Just don't get the Udderly EZ. I got one and it didn't really work. There was nothing actually wrong with it, but it took about twice as long with the milker than hand milking. Had to bunp and massage the udder, and poke and prod and readjust the milker every ten seconds. And they don't except returns.


----------



## IHEARTGOATS (Jun 14, 2016)

Suzanne_Tyler said:


> Just don't get the Udderly EZ. I got one and it didn't really work. There was nothing actually wrong with it, but it took about twice as long with the milker than hand milking. Had to bunp and massage the udder, and poke and prod and readjust the milker every ten seconds. And they don't except returns.


We've got one and it works great.


----------



## Jessica84 (Oct 27, 2011)

Suzanne_Tyler said:


> Just don't get the Udderly EZ. I got one and it didn't really work. There was nothing actually wrong with it, but it took about twice as long with the milker than hand milking. Had to bunp and massage the udder, and poke and prod and readjust the milker every ten seconds. And they don't except returns.

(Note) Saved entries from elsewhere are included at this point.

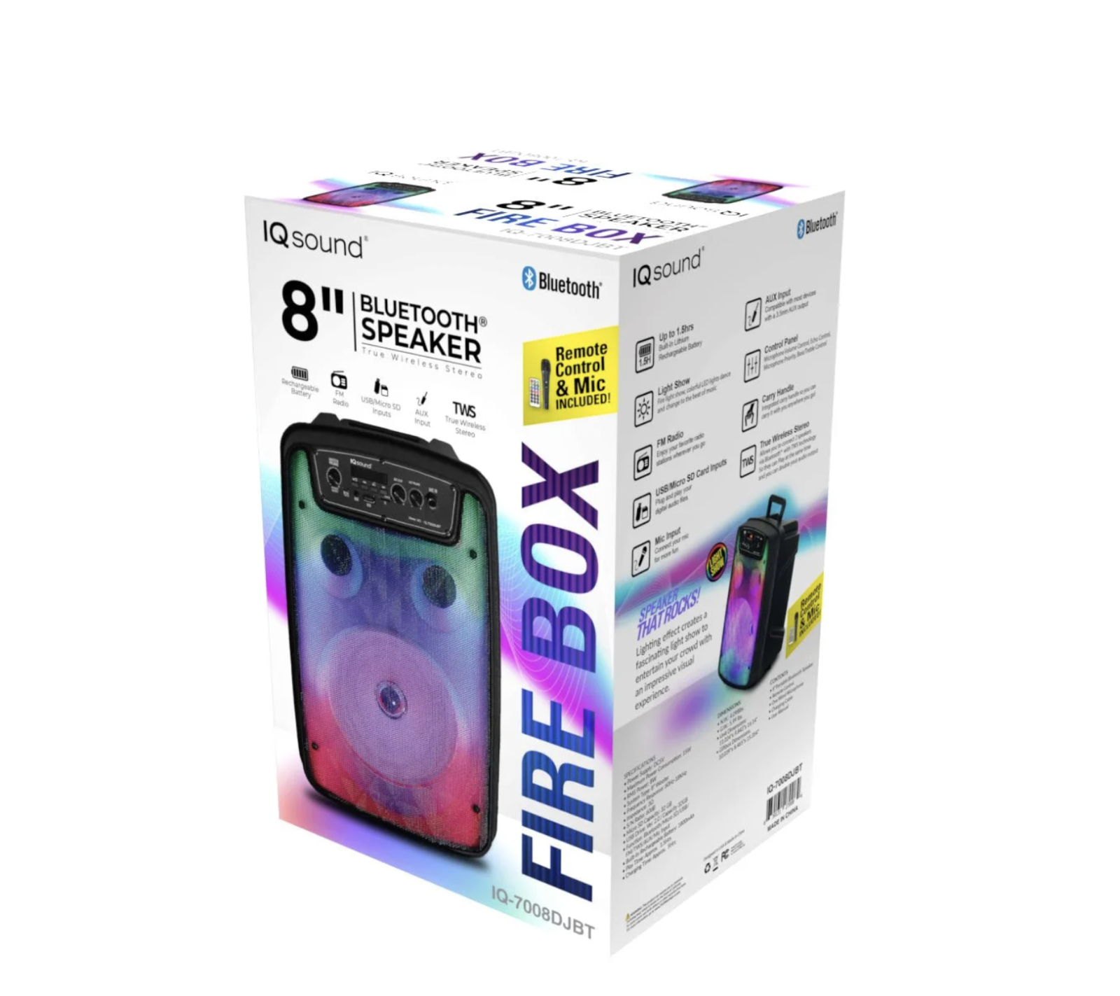 8" Bluetooth Speaker FIRE BOX with TWS and LED Color Lights to Beat (IQ-7008DJBT)
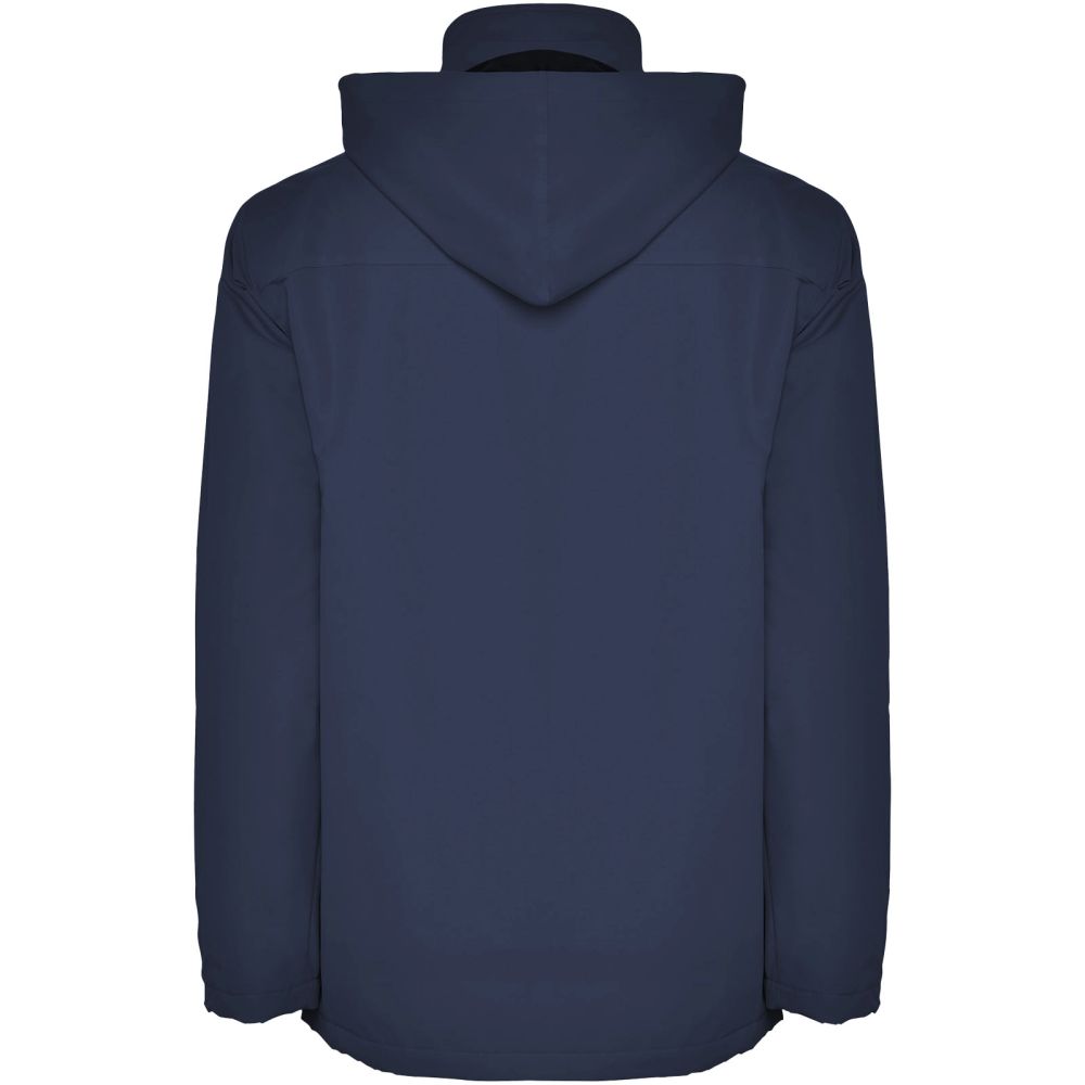 Nepromokavá bunda s polstrováním. Středový tvarovaný zip s odpovídající klopou. Vysoký výstřih se skládací kapucí. Boční kapsy na zip a klopu. Nastavitelné manžety s popruhy. Dvě vnitřní kapsy se zapínáním na suchý zip. Vnitřní zip umožňuje dostupnost pod podšívku pro potisk/výšivku. K dispozici jsou dětské velikosti. Nepromokavé. Odolné proti větru. Model měří 184 cm a má na sobě velikost L.
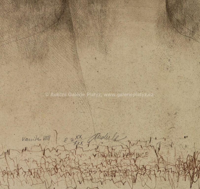 lept/suchá jehla/ruční papír, rozměr listu 95,5 x 64 cm, značeno, číslováno a popsáno ve spodní části, zaskleno mezi dvěma skly, rámováno
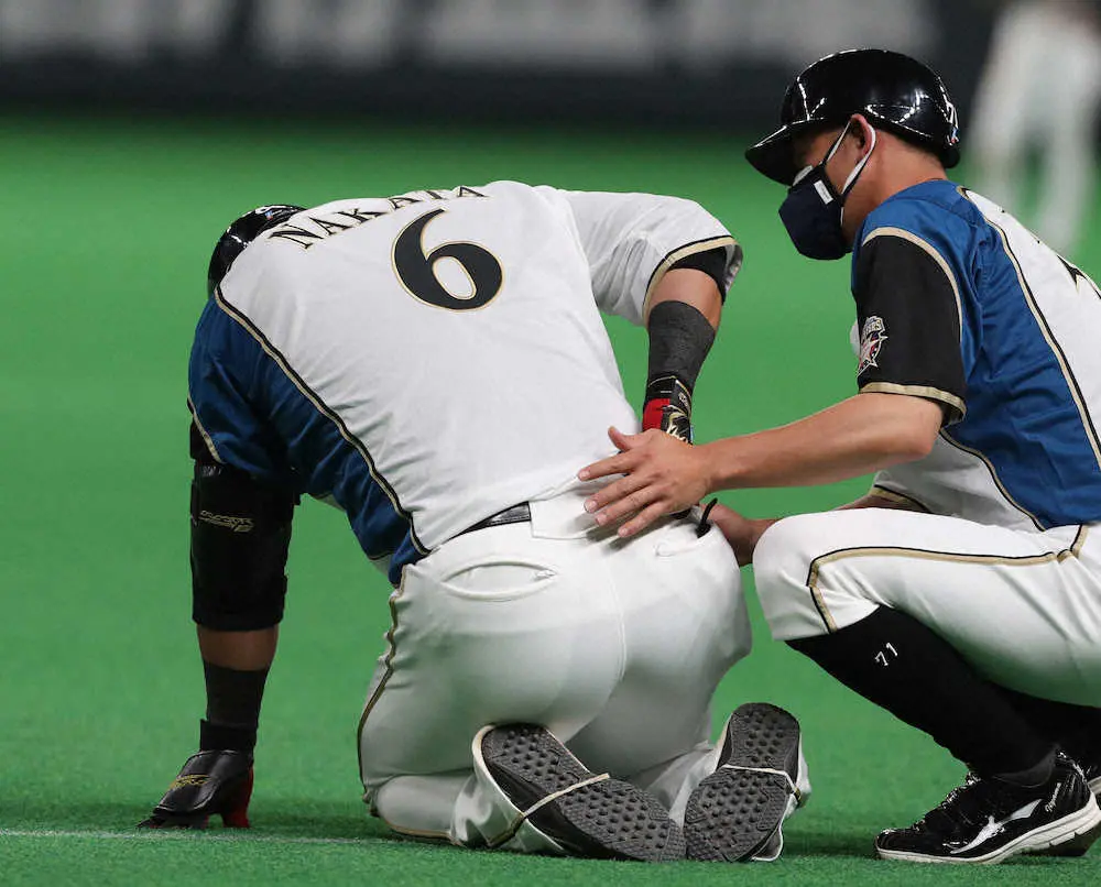 <日・神(1)>3回1死満塁、中田(右)は三ゴロで一塁に駆け込んだ後にうずくまる(撮影・椎名 航) Photo by スポニチ 日本ハム・中田もアクシデント 一塁への走塁で右腰押さえ倒れこむ 担架… ギャラリーで見る この記事のフォト 2021年06月08日の画像一覧 もっと見る 2021年06月08日の画像をもっと見る
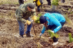 Вооружившись железным мечом и маленькими зелеными саженцами, участники с энтузиазмом, большим интересом и старанием высадили около 2000 молодых сосен.

I agree! I have one, I bought it when my doe cut her teat and I thought that it wouldn't go as far up as my hand.....which I did! But it's slow and doesn't get all the milk out. For me it wasn't a total waste of money because I have boers and little teats and I use it to steal colostrum. But for someone really wanting to milk I wouldn't go for it. I think it wouldn't take long for the doe to dry up since it leaves quite a bit behind


----------



## IHEARTGOATS (Jun 14, 2016)

Jessica84 said:


> I agree! I have one, I bought it when my doe cut her teat and I thought that it wouldn't go as far up as my hand.....which I did! But it's slow and doesn't get all the milk out. For me it wasn't a total waste of money because I have boers and little teats and I use it to steal colostrum. But for someone really wanting to milk I wouldn't go for it. I think it wouldn't take long for the doe to dry up since it leaves quite a bit behind


We had 8 does on milk test and we use an Udderly Ez.

I agree you do have to hand strip the last milk out.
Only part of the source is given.